Если вернуться к рейтингу Путина, что мы видели? Что, фактически, большую часть своего правления его рост был во многом связан с ростом российской экономики, снижением количества бедных, при том, что это произошло во многом просто по инерции – экономика, наконец, заработала к 1999 году. Я хочу сказать, что демократия, как ценность сама по себе, не воспринимается большинством населения. Большинство просто не понимает, что это такое. Демократия это всего лишь метод обеспечения более справедливого общества, и оппозиционные лидеры должны переходить к этой повестке, которую сегодня монополизировала власть. Никто больше не говорит о заботе о большинстве населения. И демократия – это альтернативная повестка для достижения тех же целей, которые до сегодняшнего момента применяла достаточно эффективно российская власть (притом, что намного эффективнее это можно было делать). Мне кажется очень важным переход от протестного движения к новому политическому, от протестной повестки к позитивной альтернативной программе, чего до сих пор, конечно, нет и не видно. Если мы будем ставить такие вопросы, мы что-то сдвинем в этом направлении.

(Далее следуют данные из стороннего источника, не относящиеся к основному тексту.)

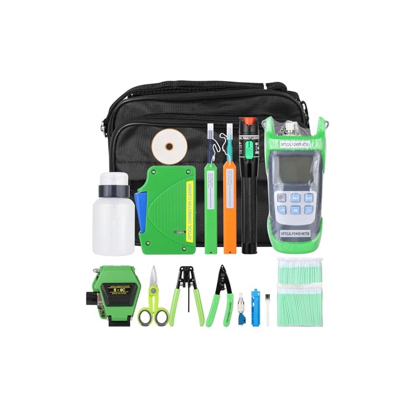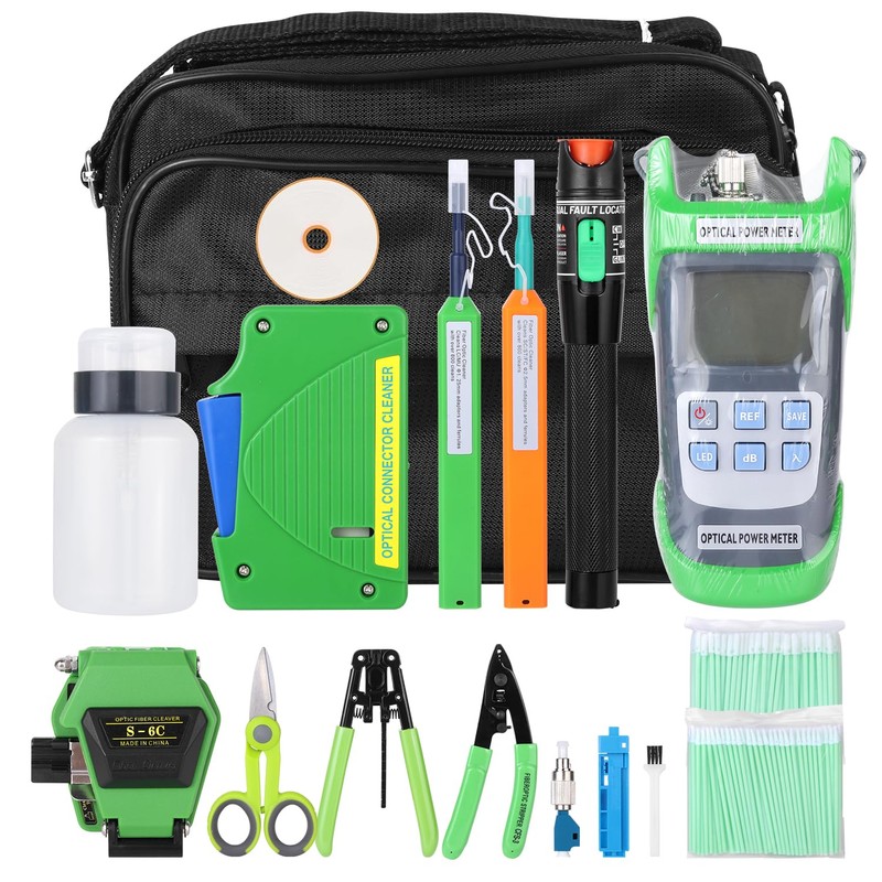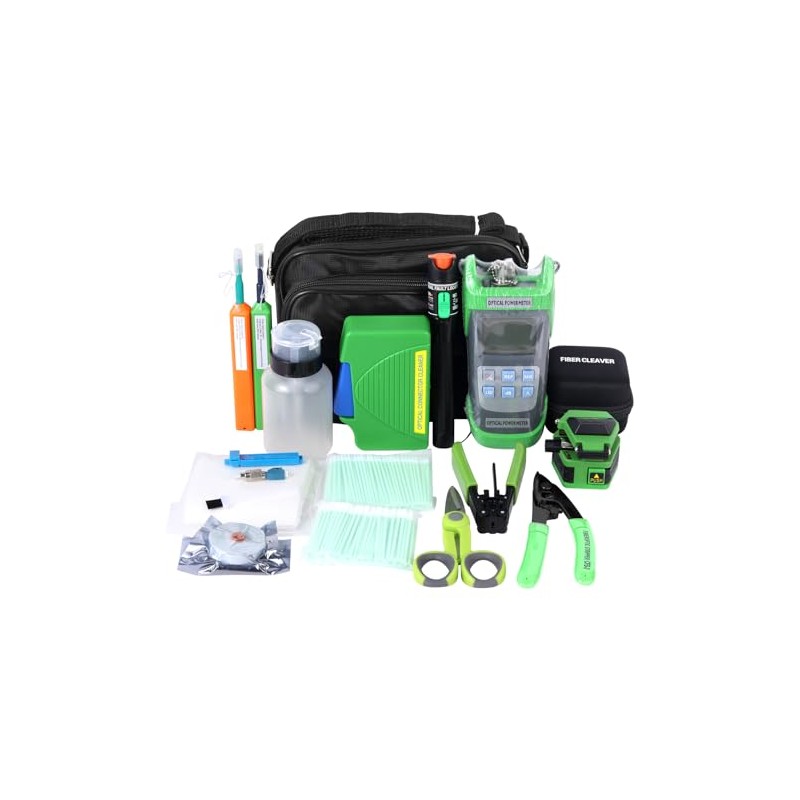 Fiber Optic FTTX Tool Kit, Fiber Tester & VFL & Stripper & Cleaver & Cleaner (Green)

Всё, спасибо, я готов ответить на любые ваши вопросы.

Екатерина Хмельницкая: Спасибо большое.

Из зала: Денис, у меня несколько вопросов, не хочу занять все полчаса, выделите, пожалуйста, из них самое для вас важное. Первое: одна из самых острых и нетривиальных проблем, которая была сформулирована как альтернатива «колея или перевал». Если посмотреть на большую часть того, что вы показывали сегодня на слайдах, то очевиден вариант колеи. Это грустно и на это неинтересно смотреть. Чтобы понять с вашей и ваших коллег помощью, как в том расслоении, всё более непереубедимом, происходят сдвиги по времени в разных социальных слоях. Какие сдвиги в последние десятилетия, в каких слоях кажутся вам наиболее значимыми, интересными и перспективными? В этой ситуации как бы вы себе квалифицировали, какие социальные группы по тем или иным критериям заслуживают в этом плане наиболее внимательного изучения, как те, которые определяют перспективу? Это первый вопрос, самый большой. А второй о том, о чём вы говорили в самом конце: с одной стороны – очевидность, с другой стороны, исчерпанность самой очевидности устремления к демократии. Нынешний режим демократичен, потому что его хочет большинство. Бессмысленно желать дальнейшей демократизации этого социального устройства. Если мы говорим о том, где и как мы живём, о проблематике цивилизационных изменений и об их перспективе, то, может быть, имеет смысл говорить о том, какой цивилизационный сдвиг представляется наиболее интересным и то, кто и как на него работает, а что его тормозит? Спасибо.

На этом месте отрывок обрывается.